= Clarence Glacken =

American historian

Clarence James Glacken (1909 - August 20, 1989) was an American Professor of Geography at the University of California, Berkeley.
He was known for a 1967 magnum opus, Traces on the Rhodian Shore, that demonstrated how perceptions of the natural environment shaped the course of human events over millennia. He is recognised as a key contributor to the field of environmental history.

==Background==
Glacken was born and raised in Sacramento, California, attending Sacramento Junior College (now Sacramento City College). He studied history and interdisciplinary studies at Berkeley (BA with highest honors 1930, MA in 1931, Department of Social Institutions). In the 1930s and 1940s, as America faced the Great Depression, he held several government jobs including a job with the Farm Security Administration assisting refugees fleeing the Mid West Dust Bowl and unemployment, in the Central Valley of California. In 1937, he travelled alone for a year through Europe and Asia, sparking his interest in the relationship between human ideas and the natural world.
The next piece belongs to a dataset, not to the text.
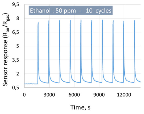 Figure 12 shows the repeatability of the sensor response to 50 ppm of ethanol with 70% of RH, using 10 cycles of measurements at 300 °C.
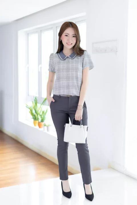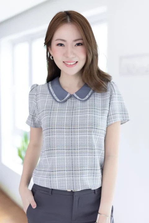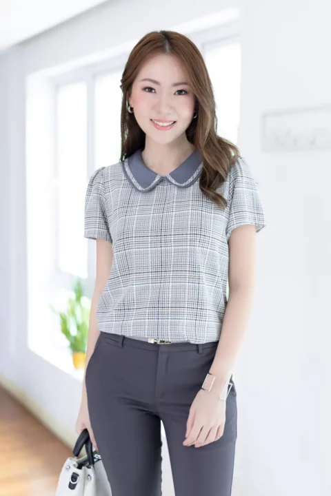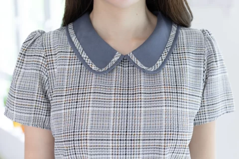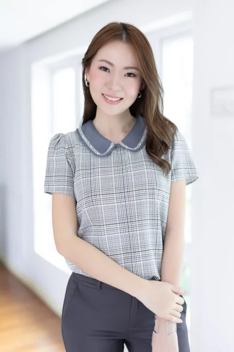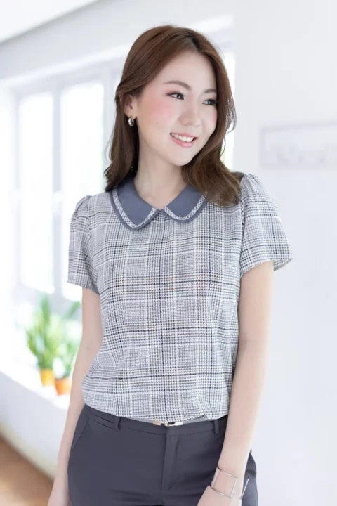 เสื้อปกบัว แต่งขอบปกด้วยกุ๊นยาว น่ารักแบบโดดเด้ง แขนสั้น ทรงใส่ง่ายเหมือนเดิม ผ่าหยดน้ำติดกระดุมคอด้านหลัง สวยด้วย แมทช์ก็ง่าย ใส่ได้ยาวๆ

In 1941, he was drafted into the U.S. Army, becoming an analyst and expert in Japanese language and culture. Discharged at the end of the war he took a job in Korea at the military government's Bureau of Health and Welfare, and found time for some geographical study of land cover change.

These experiences led to a desire to pursue scholarship. He finished a PhD in geography at Johns Hopkins University when in his forties, called “The Idea of the Habitable World.” (1949–1951). Later he undertook an ethnography of three villages in Okinawa, using his language skills, working for the Pacific Science Board of the National Research Council from 1951 to 1952. The study was later published as a book (Glacken, 1955).

In 1952, he was appointed by Carl Sauer as assistant professor of geography at the University of California, Berkeley, later becoming Professor. He pursued varied research interests and attended the landmark conference, Man's Role in Changing the Face of the Earth in 1955, led by colleague Carl Sauer. Glacken was Chair of the Berkeley Geography Department in the late 1960s, at a time of upheaval. He suffered a severe nervous breakdown in 1970, followed by a heart attack. In his last decade, as interest in his environmental ideas grew, he remained severely depressed and mentally ill, and although he completed a sequel to Traces on the Rhodian Shore in 1982 dealing with human-environment relationships in the 20th century, the manuscript was returned by University of California Press. He destroyed his copies, and only fragments survive. There is a plan to publish them.

He died in Sacramento at the age of 80, pre-deceased by his first wife (d.1941). His second wife was Mildred Mosher (b. 1913 in Pomona, CA died around 1982) with whom he had 2 children - the novelist Karen Kijewski, and a son Michael.

==Scholarship==
Traces on the Rhodian Shore (1967) examined nature and culture in western thought from ancient times to the end of the 18th century. The book was hailed as monumental in its scope, "bringing together ideas on this vast and universal topic as they never had been before, transcending geography as a discipline but also being recognized as one of the truly great books written by a geographer in this century".

In this and in other volumes, Glacken showed how past generations contemplated and interpreted the mutual relations between nature and human cultures. "After more than a decade of research, Glacken concluded that there had been three major ideas in the history of Western environmental thought: the idea of a divinely designed earth (both ecological theory and the intelligent design argument are direct descendents), the idea of environmental influence on people (similar to the environmental determinism popular in early anthropology), and the idea of human influence on the environment."

==Awards==
Association of American Geographers Citation for Meritorious Contributions to the Field of Geography, 1968.

==Key works==
- Glacken, C.J. 1955. The Great Loochoo: A Study of Okinawan Village Life. University of California Press.
- Glacken, C.J. 1960. Count Buffon on cultural changes of the physical environment. Annals of the Association of American Geographers. 50: 1–22.
- Glacken, C.J. 1967. Traces on the Rhodian Shore: Nature and Culture in Western Thought from Ancient Times to the End of the Eighteenth Century. Berkeley: University of California Press.
- Glacken, C.J. 1970. Man Against Nature: an Outmoded Concept. In H. W. Helrich Jr. (ed.) The Environmental Crisis. New Haven: Yale University Press.(reprinted by Warner Modula Publications, 1972). pp. 127–42.
- Glacken, C.J. 1970. Man and Nature in Recent Western Thought. In Michael Hamilton (ed.) This little planet . New York: Scribners. pp. 163–201.